Problem to solve —
Pictures excluded, output the lines of the data below between the one holding "对于3岁以下儿童,应立即将孩" and the one holding "Pictured below are", inclusive, exactly as they stand.

(Records drawn from a dataset)
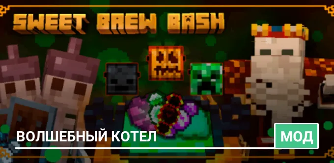 С модом Sweet Brew Bash для Майнкрафт вы приблизите себя к празднику Хэллоуин, ведь появятся конфеты волшебный котел и т.д…
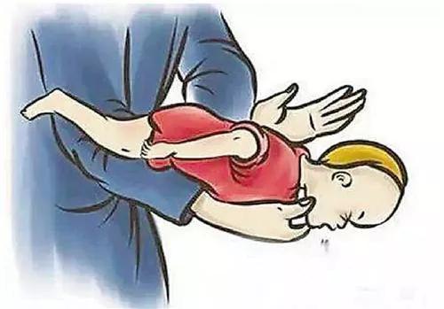 对于3岁以下儿童,应立即将孩子抱起,一只手捏住孩子的颧骨两侧,另一只手托住孩子的后颈部,在孩子的背部拍1-5次,观察是否吐出异物。
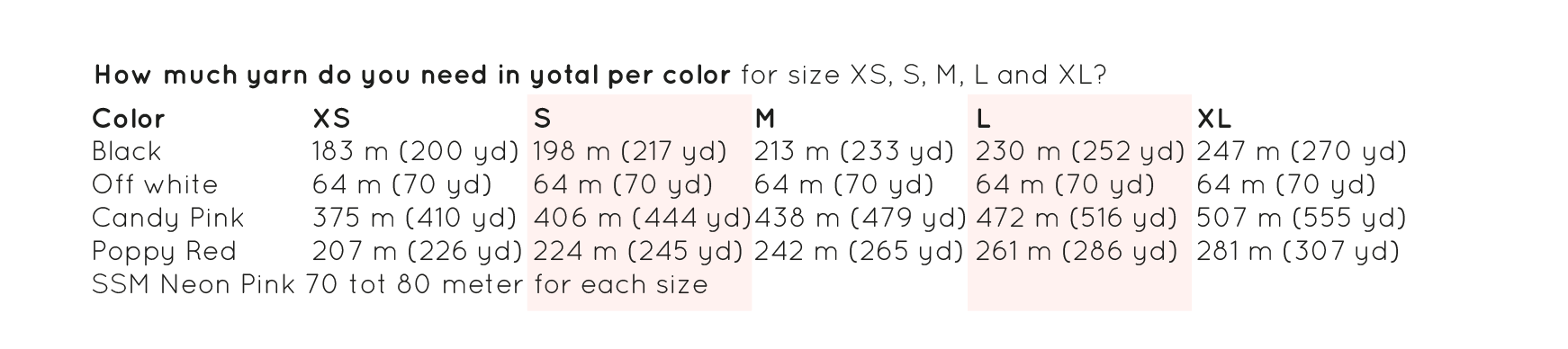Wie viel Garn benötigen Sie insgesamt pro Farbe für die Größen XS, S, M, L und XL?
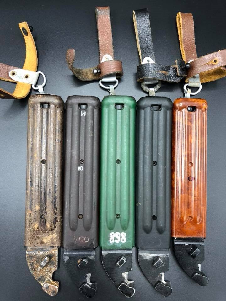 Pictured below are from the Russian reference. On the left is a standard 6x4 scabbard. The middle one is the LONG 6X4. note that the interior is still for the 6X4 bayonet and the 6X5 will not fit. On the right is the standard 6X5 scabbard.
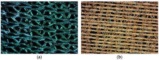 Textural views by stereo microscope: (a) PA/Ag textile; (b) PA/Cu textile. Zoom magnification is 3.2×.
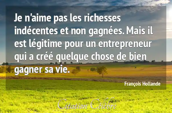 Je n'aime pas les richesses indécentes et non gagnées. Mais il est légitime pour un entrepreneur qui a créé quelque chose de bien gagner sa vie.
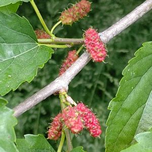 クワの実です。 自然大好き派😘です。探鳥会に出かけたらご覧のようにクワが実っていました。もちろん取って食べました😊。食べるのは黒く熟した実を食べます。子供の頃はこれで育ったと言っても過言では無いくらい沢山食べました😅。当然、唇🫦や舌👅はドドメ色(赤紫色)になりました。子供の頃を思い出して手を伸ばしましたが今食べても十分美味しいと思いました😊。 クワはカイコの「食う葉」が訛ってクワになったと言う説が有力みたいで、私もこれを支持します。養蚕は無くなりましたが、 少し田舎に行くとこの木が方々で残っており、見るたびに子供の頃を思い出します😊。

Response to this exercise —
 对于3岁以下儿童,应立即将孩子抱起,一只手捏住孩子的颧骨两侧,另一只手托住孩子的后颈部,在孩子的背部拍1-5次,观察是否吐出异物。
Wie viel Garn benötigen Sie insgesamt pro Farbe für die Größen XS, S, M, L und XL?
 Pictured below are from the Russian reference. On the left is a standard 6x4 scabbard. The middle one is the LONG 6X4. note that the interior is still for the 6X4 bayonet and the 6X5 will not fit. On the right is the standard 6X5 scabbard.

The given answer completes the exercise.